I'd agree with that most of the time and can argue for either way, but a VX is not the length of the QE2, about a metre from engine to dash, so cable loss is negligable and injector pulses are straight DC, no data to get corrupted. I scoped out the signals I needed before I began and did not want extension cables with more plugs to feed through the tight bodywork.

I run a large electronics service company, so I'm not ignorant to the implications of extending cables, I'm probably quite anal about mega tidy, easy to maintain installations though. I wanted all the controls and different signals in one neat area for easy fault finding, and one type of cable with one function with no unnecessary joins front to back, easy for me to understand, install and remove.

Like anything its personal preference, I'm sure I'd go a different way with another type of car and any other way will work just as well. ;)

#80 Guy182

Guy182

    Scary Internerd

  • PipPipPipPipPipPip
  • 4,459 posts
  • Gender:Male
  • Location:Grimsby

Posted 15 February 2008 - 12:13 PM

mike broadbent from racelogic said:
''Where are you siting the traction ECU? It would be better to put it next to the engine ECU and not have to lengthen the injector signal wires...
I think if I was fitting this, that's how I'd do it. I'd say you want the injector wires to be as short as possible, and the ABS wires are shielded and long precisely so that you can run them the length of the car if needs be.
It's better to extend the adjuster connections and get a serial extension lead, than to have a really long injector cable run.''


I'd agree with that most of the time and can argue for either way, but a VX is not the length of the QE2, about a metre from engine to dash, so cable loss is negligable and injector pulses are straight DC, no data to get corrupted. I scoped out the signals I needed before I began and did not want extension cables with more plugs to feed through the tight bodywork.

I run a large electronics service company, so I'm not ignorant to the implications of extending cables, I'm probably quite anal about mega tidy, easy to maintain installations though. I wanted all the controls and different signals in one neat area for easy fault finding, and one type of cable with one function with no unnecessary joins front to back, easy for me to understand, install and remove.

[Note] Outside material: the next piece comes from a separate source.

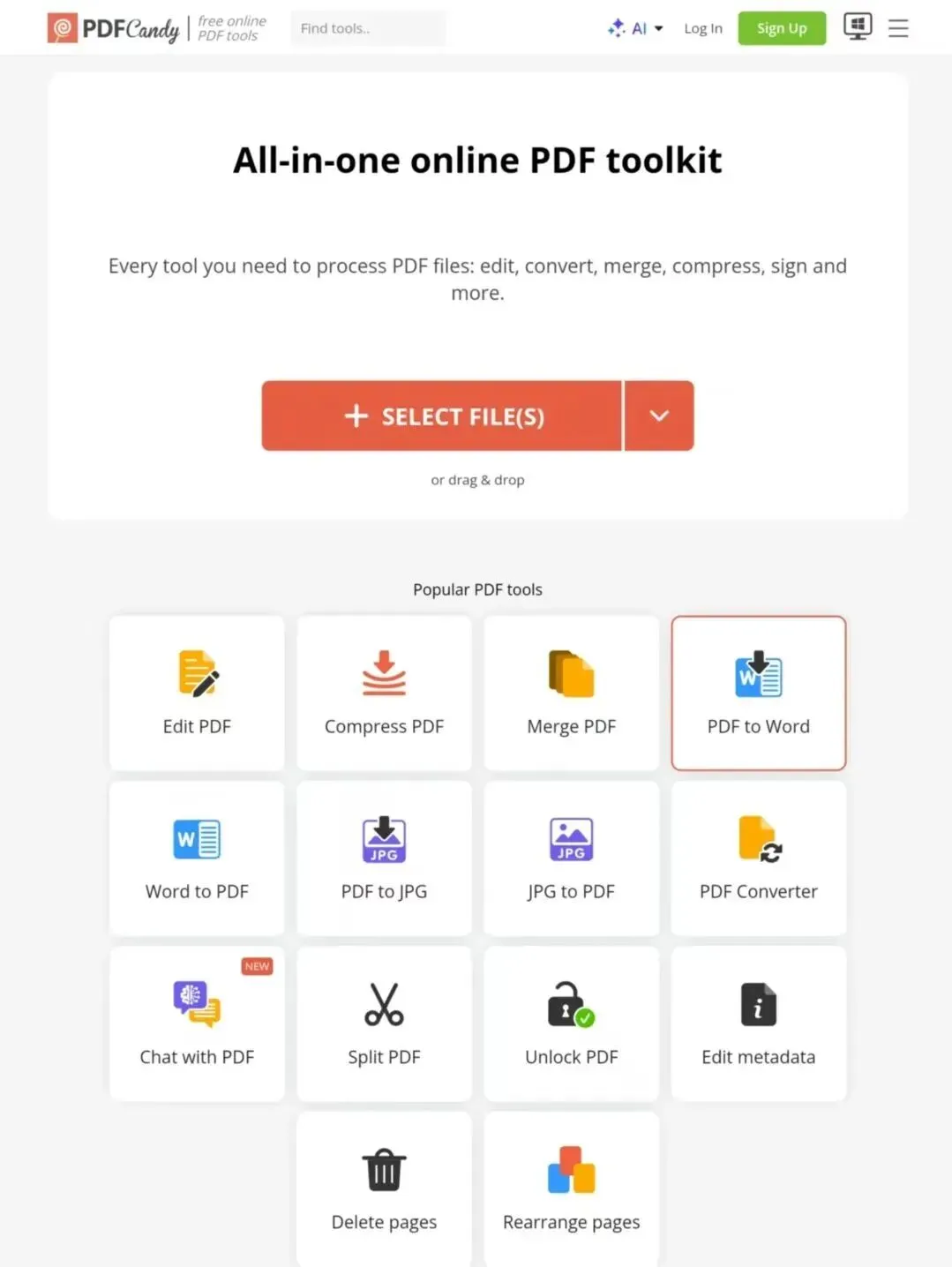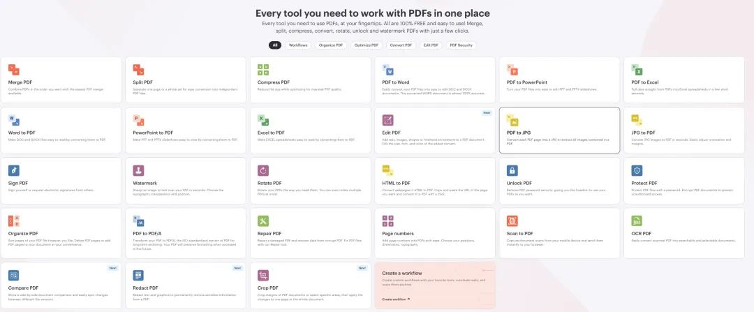 这个网站界面非常简洁清晰,目前还是免费的,各种PDF的功能都有。

Like anything its personal preference, I'm sure I'd go a different way with another type of car and any other way will work just as well. ;)


ok cool. will stick to the original plan the same as yours then otherwise it means extending the serial connectors etc.

any advice re the cable to extend the injectors?

just looking at the clutch switch wiring diagrams and it has +12v going to it... the racelogic unit requires a switch that goes to gnd... :(

Edited by Guy182, 15 February 2008 - 12:37 PM.